-- Record excerpts follows --

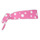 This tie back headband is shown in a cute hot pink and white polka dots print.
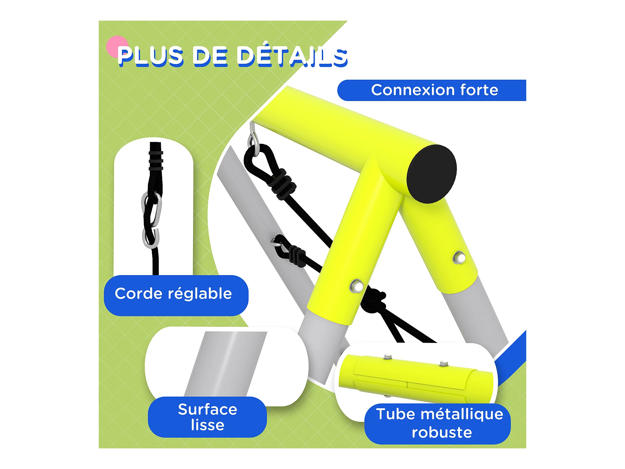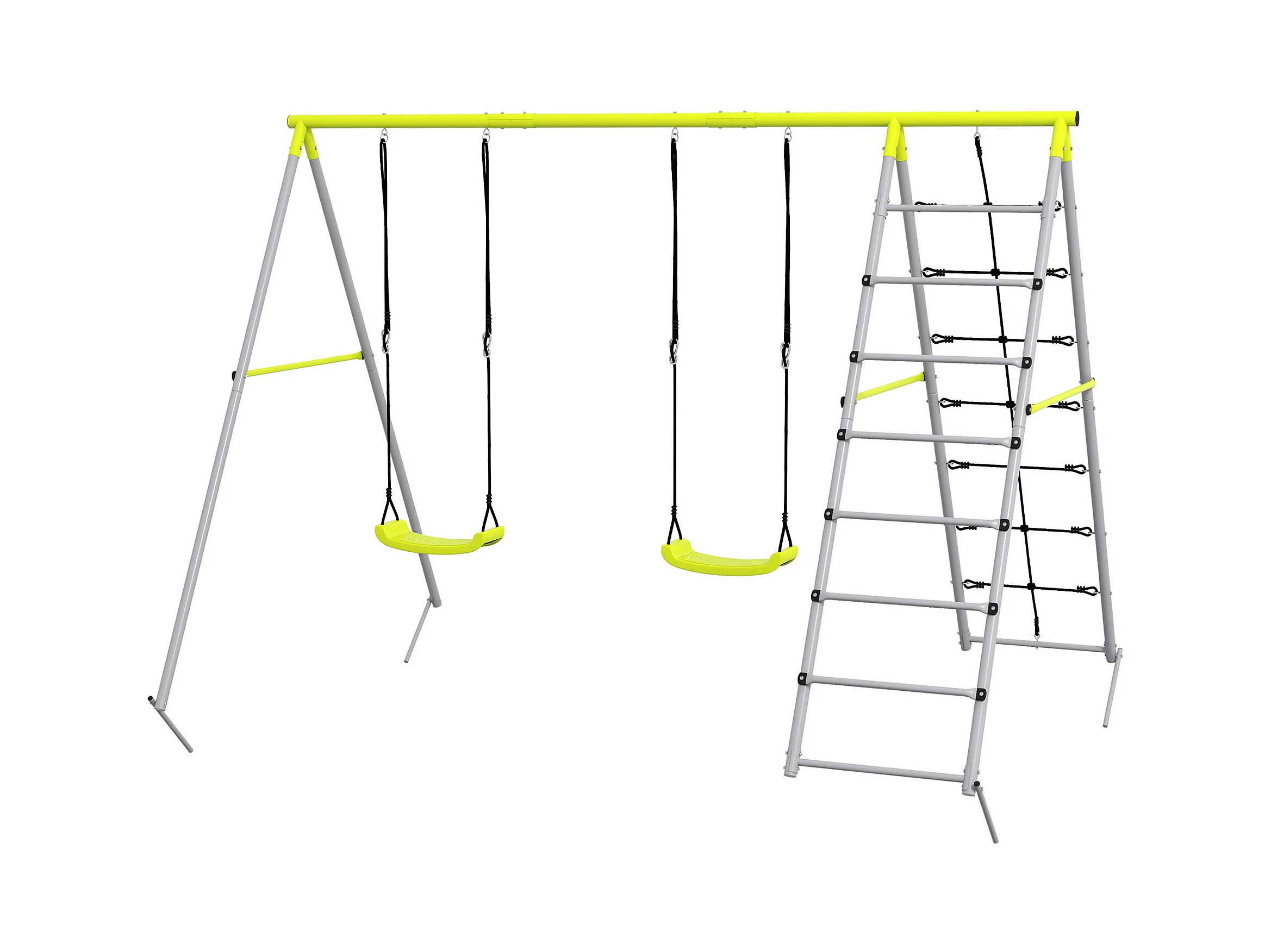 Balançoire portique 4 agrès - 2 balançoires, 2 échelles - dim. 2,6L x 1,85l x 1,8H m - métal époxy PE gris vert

-- Record excerpts concluded --
-- Record excerpts follows --

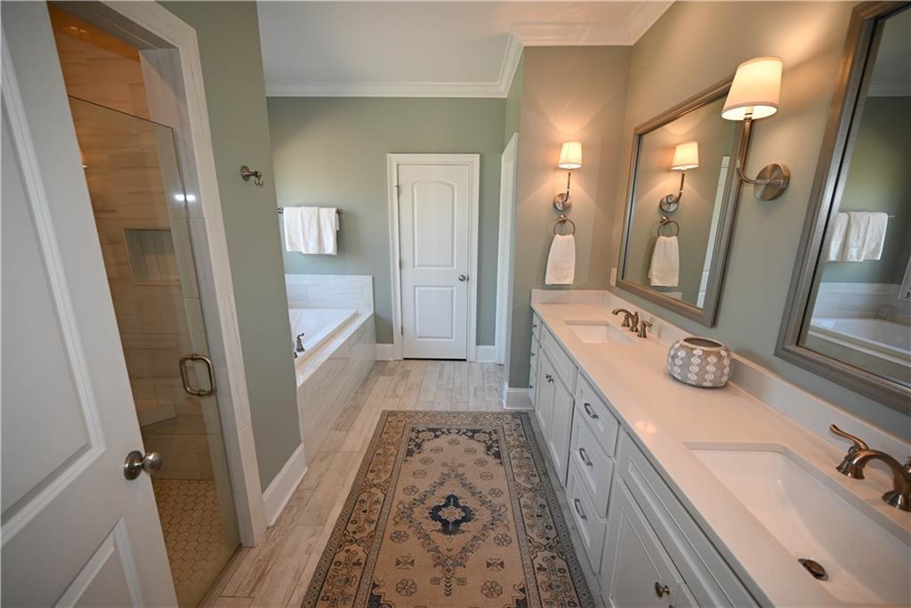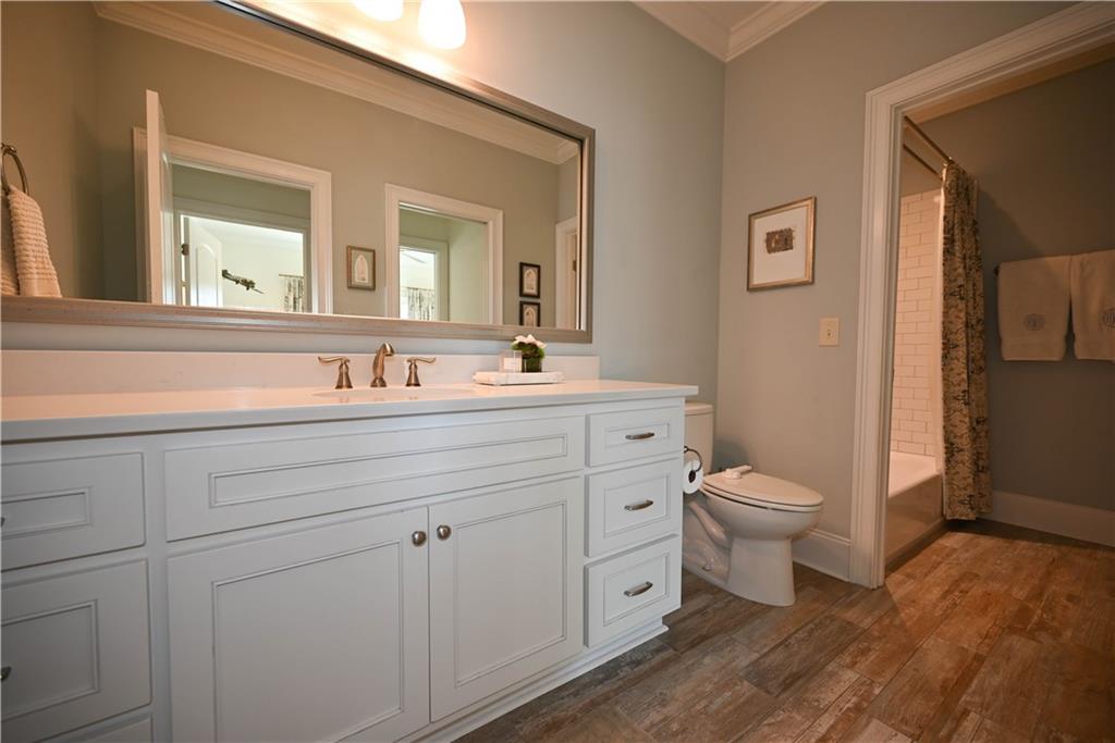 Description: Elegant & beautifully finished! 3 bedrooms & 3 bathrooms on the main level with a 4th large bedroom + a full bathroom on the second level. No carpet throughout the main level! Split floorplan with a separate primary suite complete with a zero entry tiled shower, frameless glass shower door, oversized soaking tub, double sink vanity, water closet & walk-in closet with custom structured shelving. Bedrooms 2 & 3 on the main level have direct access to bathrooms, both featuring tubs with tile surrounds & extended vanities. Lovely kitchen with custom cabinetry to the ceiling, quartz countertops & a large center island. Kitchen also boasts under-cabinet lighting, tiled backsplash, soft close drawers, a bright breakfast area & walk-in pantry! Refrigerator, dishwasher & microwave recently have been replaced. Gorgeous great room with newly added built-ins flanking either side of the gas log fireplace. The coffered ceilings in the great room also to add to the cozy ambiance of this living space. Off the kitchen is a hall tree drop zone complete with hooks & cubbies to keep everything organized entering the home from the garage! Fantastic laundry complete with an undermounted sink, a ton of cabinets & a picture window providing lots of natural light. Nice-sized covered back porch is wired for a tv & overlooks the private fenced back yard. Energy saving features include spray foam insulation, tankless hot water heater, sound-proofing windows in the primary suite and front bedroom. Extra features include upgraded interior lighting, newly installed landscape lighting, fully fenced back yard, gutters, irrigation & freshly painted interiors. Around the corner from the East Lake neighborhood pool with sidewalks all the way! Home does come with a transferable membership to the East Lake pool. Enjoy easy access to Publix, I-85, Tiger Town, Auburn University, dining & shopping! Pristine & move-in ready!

-- Record excerpts concluded --
-- Record excerpts follows --

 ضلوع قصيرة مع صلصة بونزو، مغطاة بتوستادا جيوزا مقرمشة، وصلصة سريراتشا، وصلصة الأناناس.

-- Record excerpts concluded --

* **Task instructions**
Reproduce the data above exactly, but only from the line containing "This tie back" through the line containing "Balançoire portique 4"; skip the pictures.

* **Output for this exercise**
 This tie back headband is shown in a cute hot pink and white polka dots print.
 Balançoire portique 4 agrès - 2 balançoires, 2 échelles - dim. 2,6L x 1,85l x 1,8H m - métal époxy PE gris vert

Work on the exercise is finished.